The second, be limited because the dynamic range of code book is compared with floating point representation, so model based coding-decoding can bring serious problem when (for example overflow, brachymemma and saturated) outside floating data drops on the scope of code book, this causes the ASR performance degradation the most at last.Utilize this normalization, can control this conversion loss effectively.For example, if the fixed point scope is set to ± 3 σ fiducial intervals, then in coding-decoding, cause saturation problem data number percent will for:
Have been found that this small coding-separate code error/be lost in the ASR performance does not observe.
C. based on the different coding-decode precision of discriminating power
After model is standardized, its 150 experience based on the quantization code book size of 1 byte, to the mean value vector of acoustic model and the differentiation or the selective coding of covariance matrix.Be considered to more important with the LDA projection on the big corresponding eigenvector of eigenvalue for classification.Eigenvalue is big more, and the importance of its respective direction with regard to ASR is just high more.Therefore, maximum codeword size is used to indicate class.
Separating the threshold value of " big eigenvalue " and other eigenvalues determines by the cross validation experiment.At first, reserve the part of training data and training pattern.Then, assess the ASR performance based on the data of being reserved.For this processing of different threshold value repetition trainings and assessment ASR performance, till finding the threshold value that the best identified performance is provided.
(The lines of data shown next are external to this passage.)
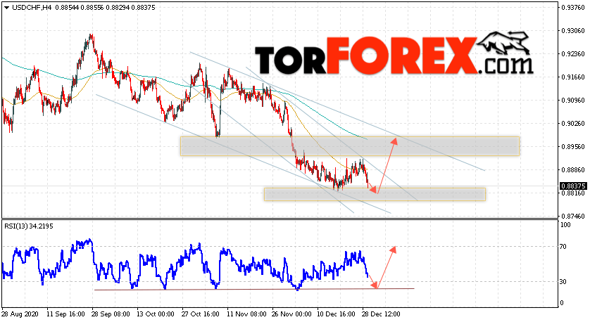 Таким образом, USD/CHF прогноз Доллар Франк на 30 декабря 2020 предполагает попытку теста области поддержки вблизи уровня 0.8825. Далее, продолжение роста валютной пары USD/CHF с целью выше уровня 0.8985. Дополнительным сигналом в пользу подъёма пары Доллар Франк выступит тест линии тренда на индикаторе относительной силы. Отменой варианта роста станет падение и пробой области 0.8785. Это укажет на пробой уровня поддержки и продолжение падения пары с потенциальной целью ниже уровня 0.8645.
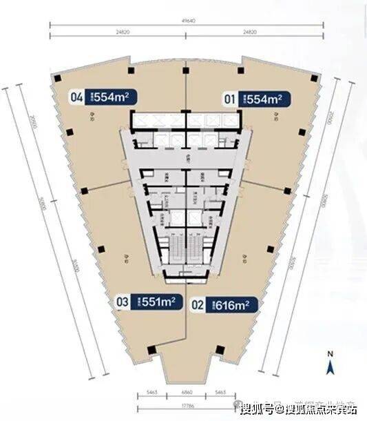 约198米甲级总部商务写字楼,建面约419-2000㎡(标准层)准现楼。
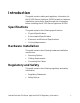 Contents INTRODUCTION..........................................................................................................1 SPECIFICATIONS ....................................................................................................................... 1 HARDWARE INSTALLATION........................................................................................................ 1 REGULATORY AND SAFETY.................................................................................................
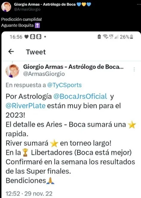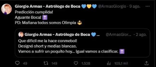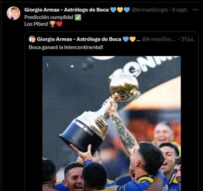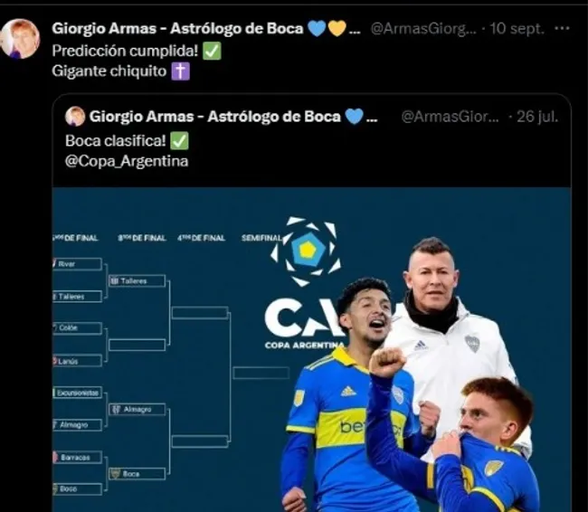 Giorgio Armas es un astrólogo y tarotista hincha de Boca quien ha predicho a lo largo de estos últimos meses varios resultados del xeneize de manera exitósa. A su vez, el mismo mantiene una relación de amistad con Jorge Almirón desde hace años.
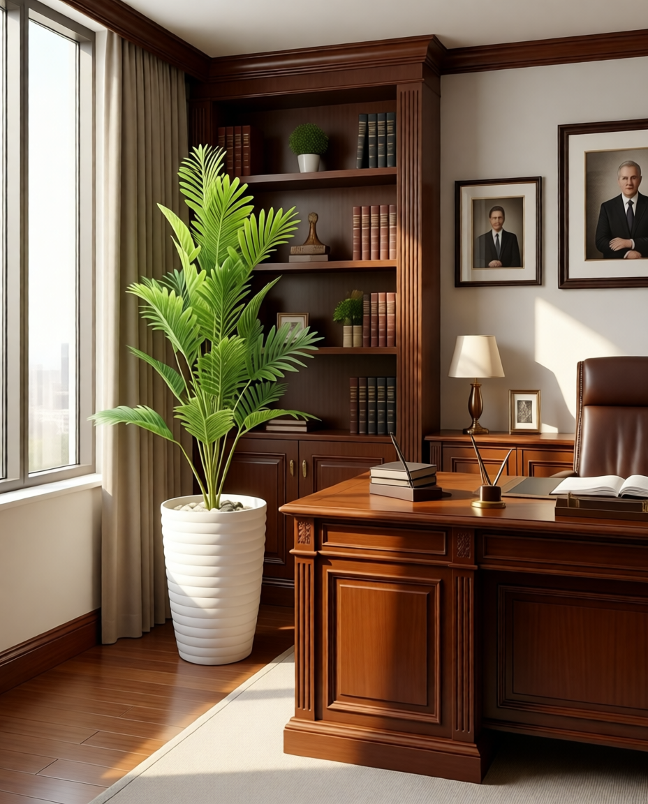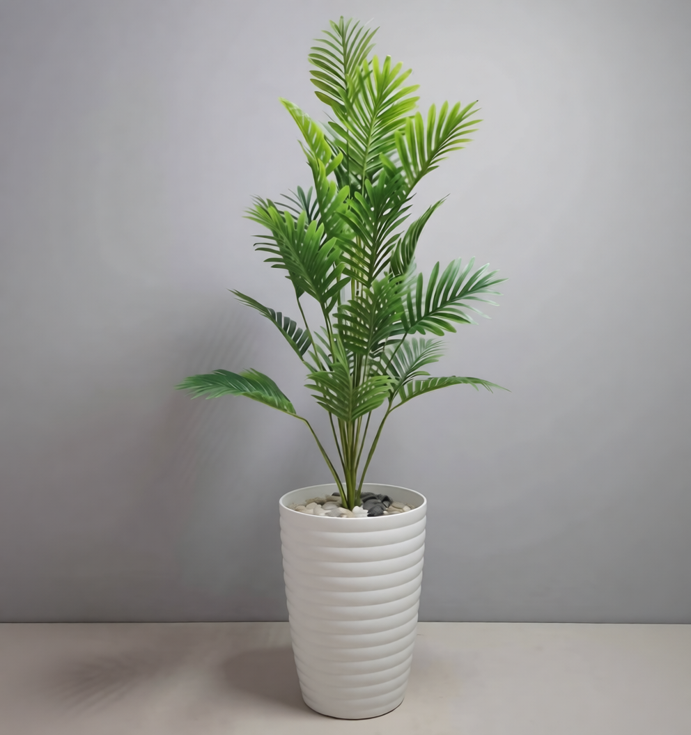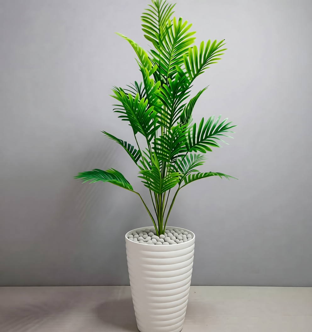 ديكور استوائي بلا عناء ، أضف لمسة طبيعية فاخرة إلى صالة عصرية أو مكتب أنيق — دون ريّ، دون ضوء شمس، ودون صيانة.نخلتنا الاصطناعية بارتفاع : 140 سم / تجمع بين واقعية الأوراق ومتانة التصميم، لتبقى خضراء زاهية طوال العام. …..ماذا تختارها – أوراق من بوليستر عالي الجودة بلون أخضر فاقع – ساق مغطاة بليف طبيعي يدوي الصنع – تناسب الوعاء الأبيض الناصع (مشمولة) – لا تتطلب عناية — فقط مسح خفيف عند الحاجة – مثالية للديكورات الداخلية العصرية ( منزل، مكتب مقر العمل فيلا فندق مقعى « الجمال الطبيعي… بدون تعقيد. »🛒 **جاهزة للشحن اليوم— غيّر فضاءك في دقائق!
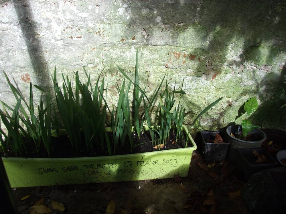 Si tu parles bien de la jardinière jaune verte contre le mur ( je pensais qu'on arrivait à lire l'écriture dessus) ce sont des plantules de sabal palmettos, récoltées en graines et plantées en février de l'année dernière à Cannes.
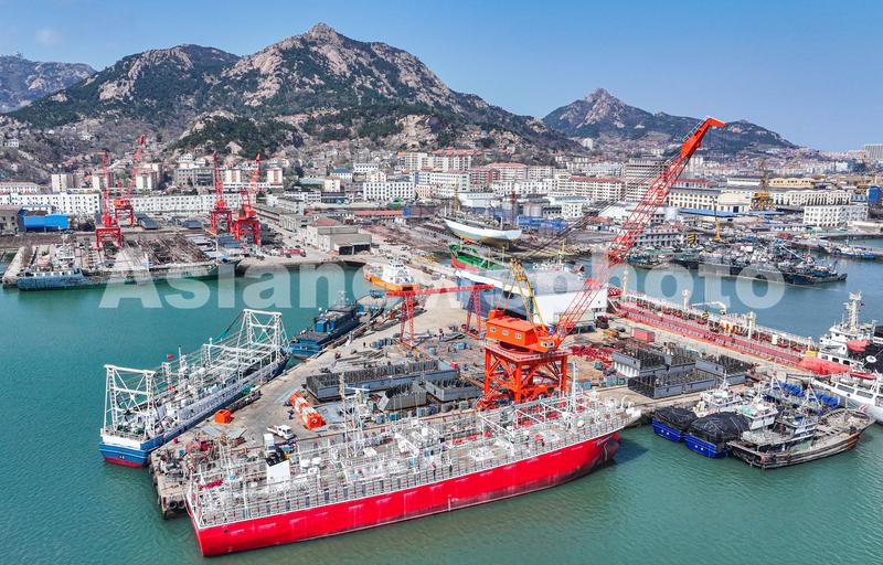 2024年4月11日,在山东省荣成市石岛管理区修造船产业基地船坞内,一派繁忙景象,泊位上停满各类在建、待修、维护保养的大型船舶,多艘大中型LNG船、集装箱船、南极磷虾捕捞加工船等特种船舶订单等待交付。
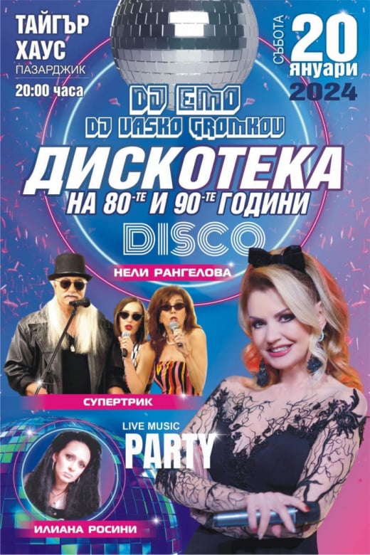 Hamarosan, január 20-án (szombaton) a pazardzhik-i „Tiger House”-ban a diszkóslágerek rajongói élvezhetik a nagyszerű Nelly Rangelovát, aki a „Supertrick” csoporttal együtt tánc és tánc terén végtelenné varázsolja az estét. jó hangulat. Segítségükre lesz a bájos Illiana Rossini, akinek hangja és színpadi jelenléte senkit sem hagyhat közömbösen.
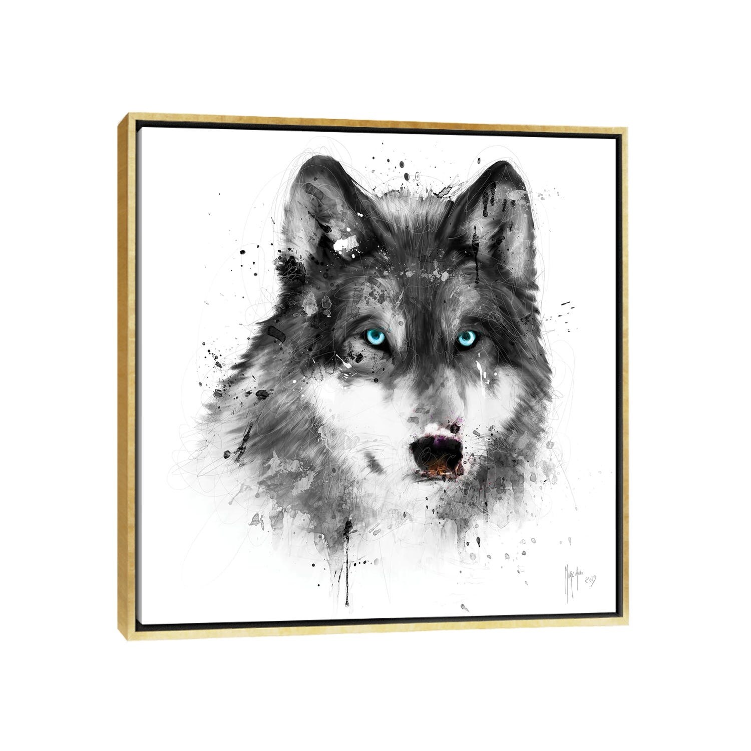 iCanvas "Splatter White Wolf" by Denis Orio Ibanez Framed
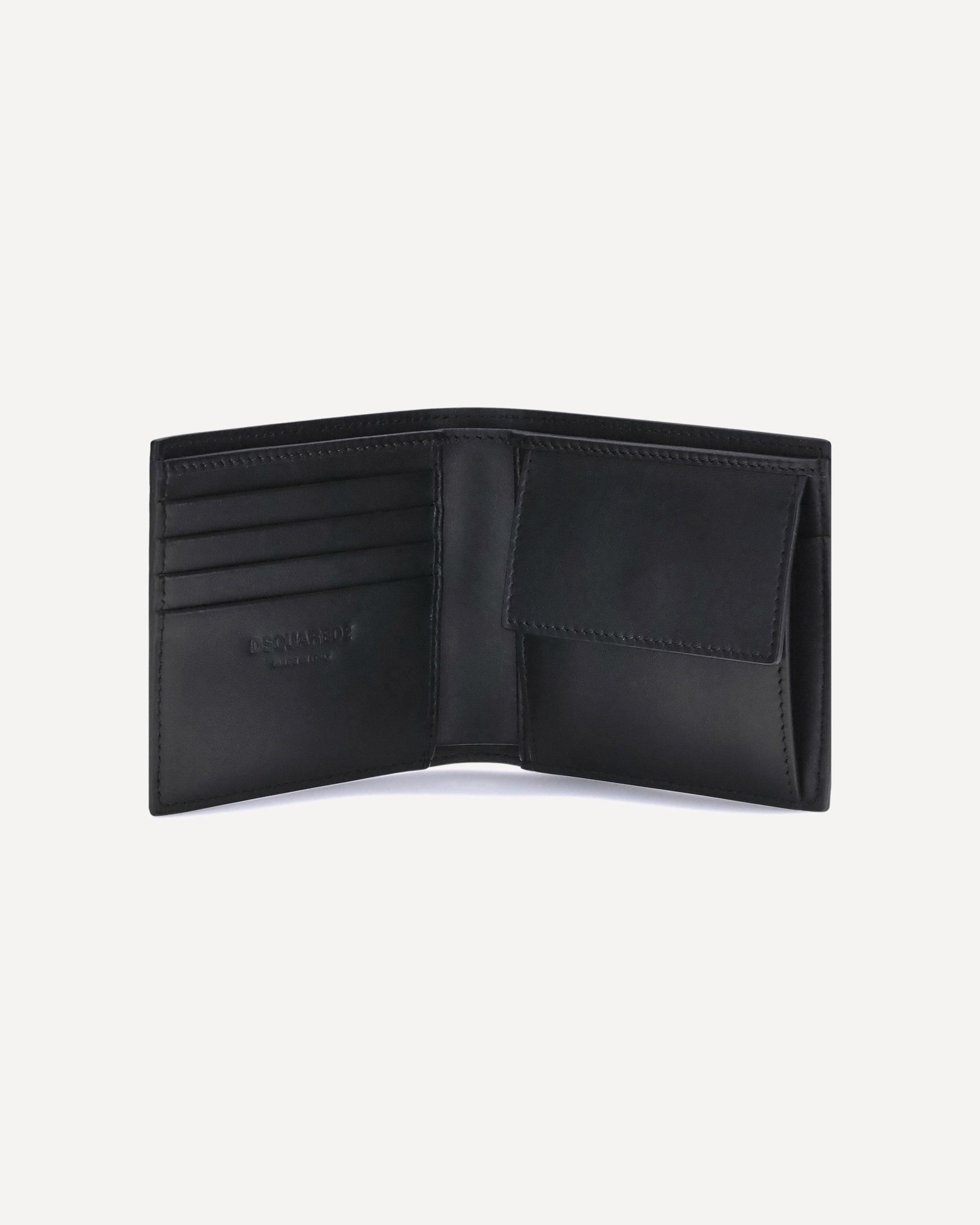 The Dsquared2 bifold Wallet combines practicality and essential style. Made with a compact and functional design, it features the logo in low relief on the front. Inside, it offers four card slots, a space for banknotes and a pocket for coins, ideal for tidy and daily organization.
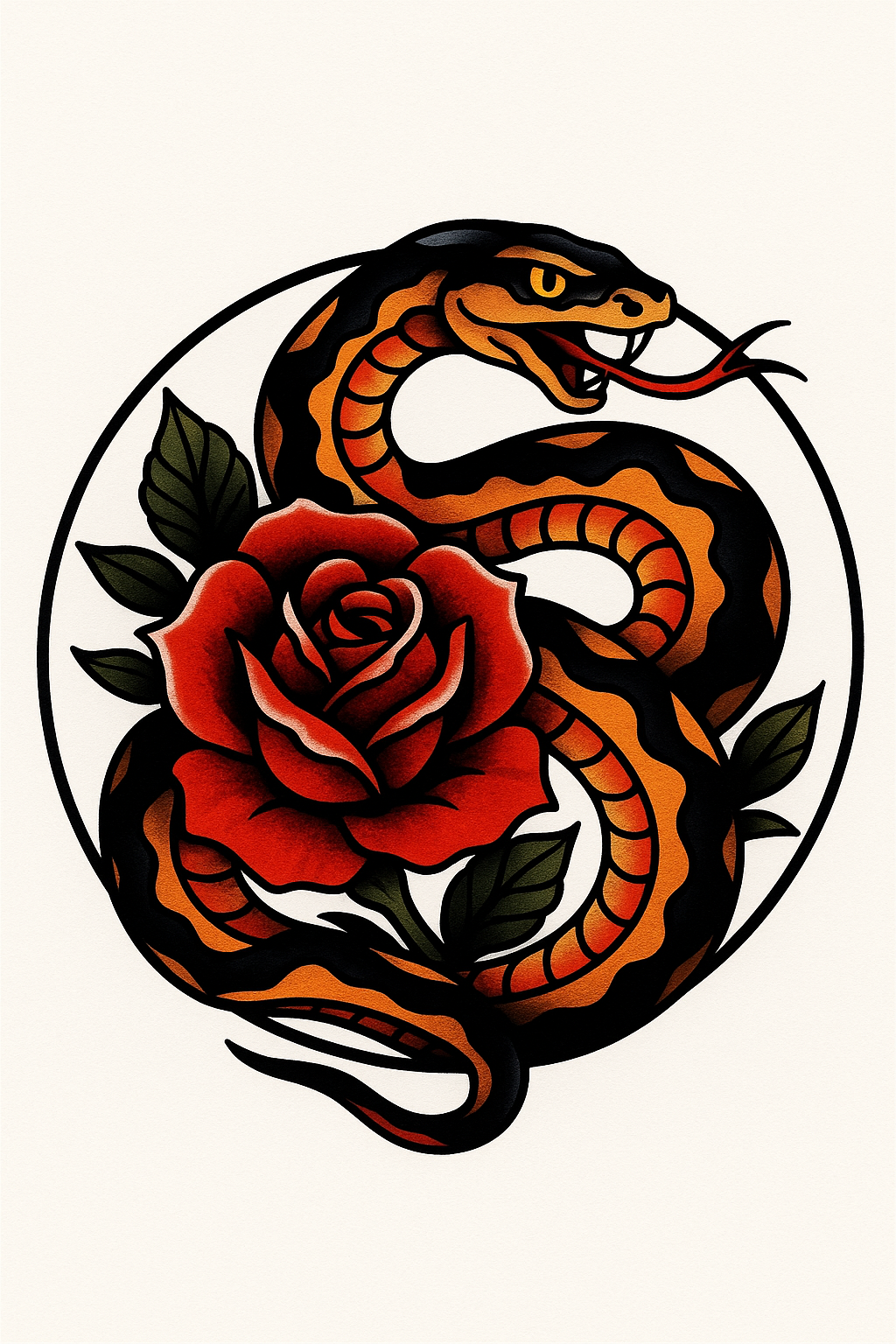 Stylized tattoo illustration featuring a snake entwined around a rose, showcasing bold colors and striking contrast, ideal for tattoo enthusiasts and art lovers.
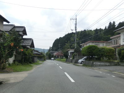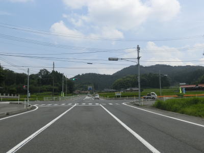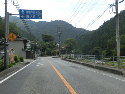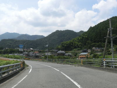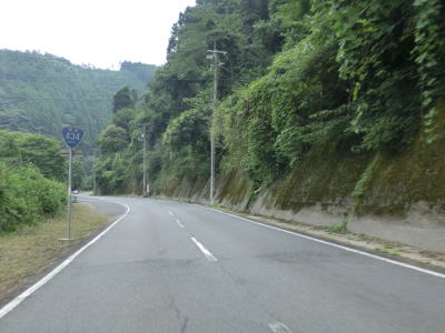 | 菅野湖畔を離れて少し走ると沿線の家屋が密集する間を走るようになる。勾配は緩やかでダム湖が近くにあるとは思えない状況である。勾配を下り切った所で交差点を通過するが、この交差点はR376およびR434の旧道との交差点であり、案内標識には左右の道路におにぎりが消された跡が残っている。旧道との交差点からは上り勾配となるが、緩やかな勾配で名もなき峠を越えて下りに転ずる。 | ||
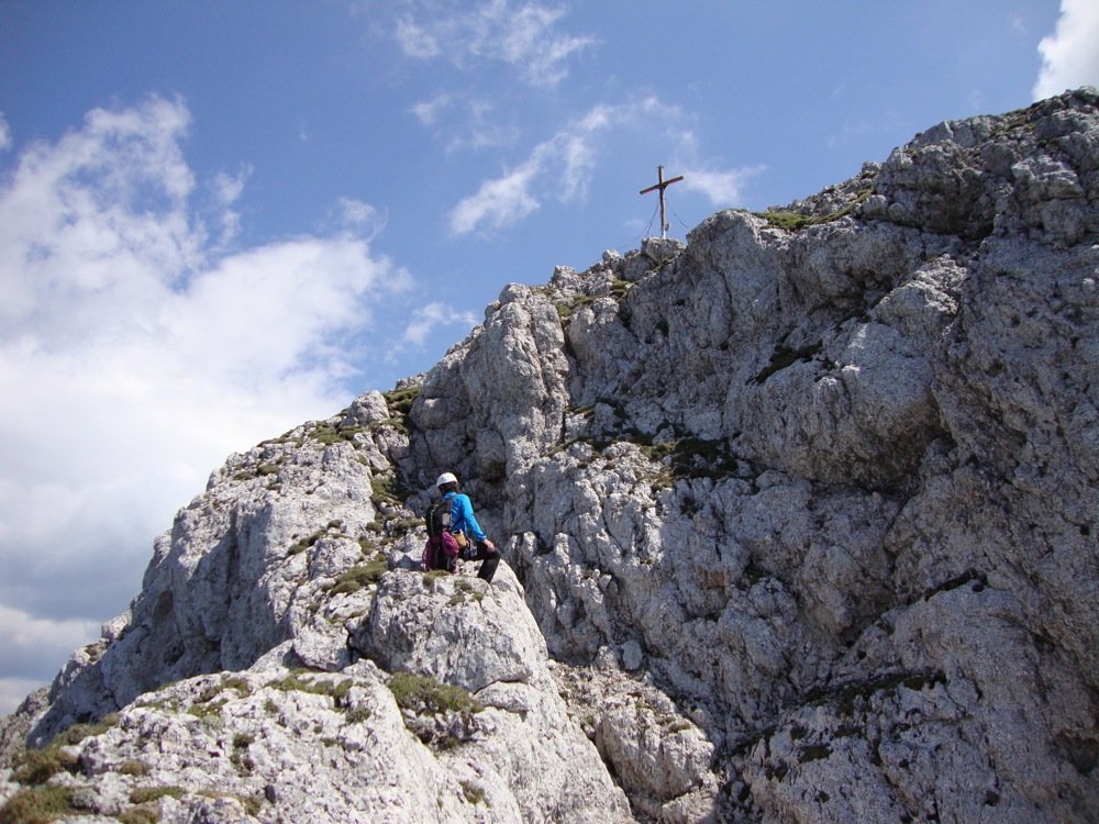 Vom Ausstieg 10m zum markierten Steig und auf diesem (5-10min) nach Westen absteigen bis zu einer Scharte. Einige Meter aufwärts zum Beginn des ÖTK- Klettersteigs bei einer blauen Tonne. Über den Klettersteig (B bzw. B/C) hinab und über das Schotterfeld zurück zum Einstieg. Weiterer Abstieg: wie Aufstieg.
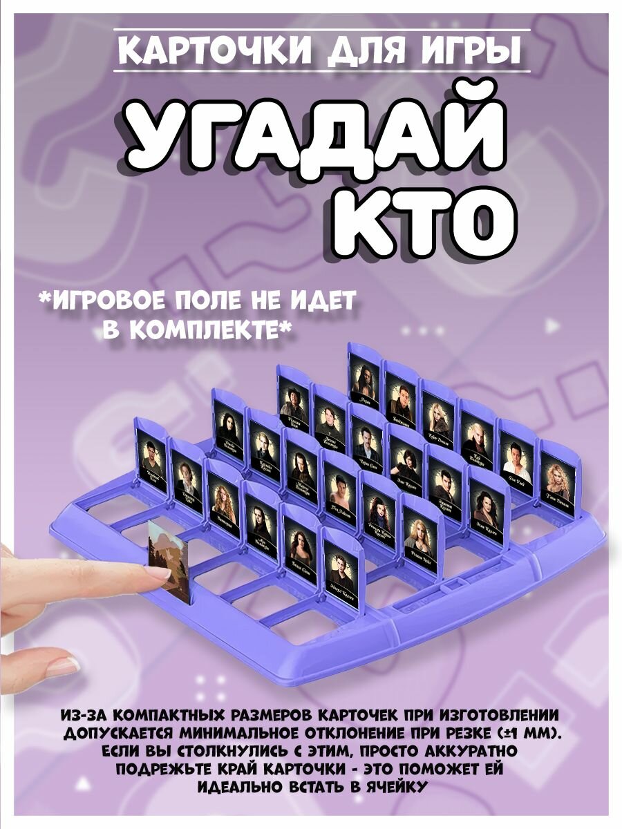 Ниже Вы можете прочитать отзывы на Карточки для игры угадай кто сумерки, ознакомится с подробными характеристиками, посмотреть интересные обзоры и фотографии на Карточки для игры угадай кто сумерки.

Because the dimension in the eigen space has different importance characteristics for phonetic classification, therefore under the situation that does not influence the ASR performance, use to have the different Compression Strategies of different accuracy.In addition, because all parameters of acoustic model all are multidimensional vector or matrix, therefore each dimension to each model parameter realizes the scalar coding.This point is especially favourable, because the scalar coding is " can't harm ".Under this situation, it is " can't harm " that the scalar coding is compared with ubiquitous vector quantization (VQ).VQ is the lossy compression method method.Want the lower quantization error then must increase the size of VQ code book.Yet bigger code book causes bigger compact model size and slower decoding processing.In addition, be difficult to come reliably " training " big VQ code book with limited training data.This where the shoe pinches will reduce the accuracy of speech recognition.The size that should be noted that the scalar code book is much smaller.This correspondingly helps to improve decoding speed.Compare with big VQ code book, also can estimate small tenon amount code book more reliably with limited ground training data.Utilize small tenon amount code book also can help to avoid extra accuracy to lose by quantization error causes.Therefore, with regard to the speech recognition with limited training data, scalar quantization surpasses VQ.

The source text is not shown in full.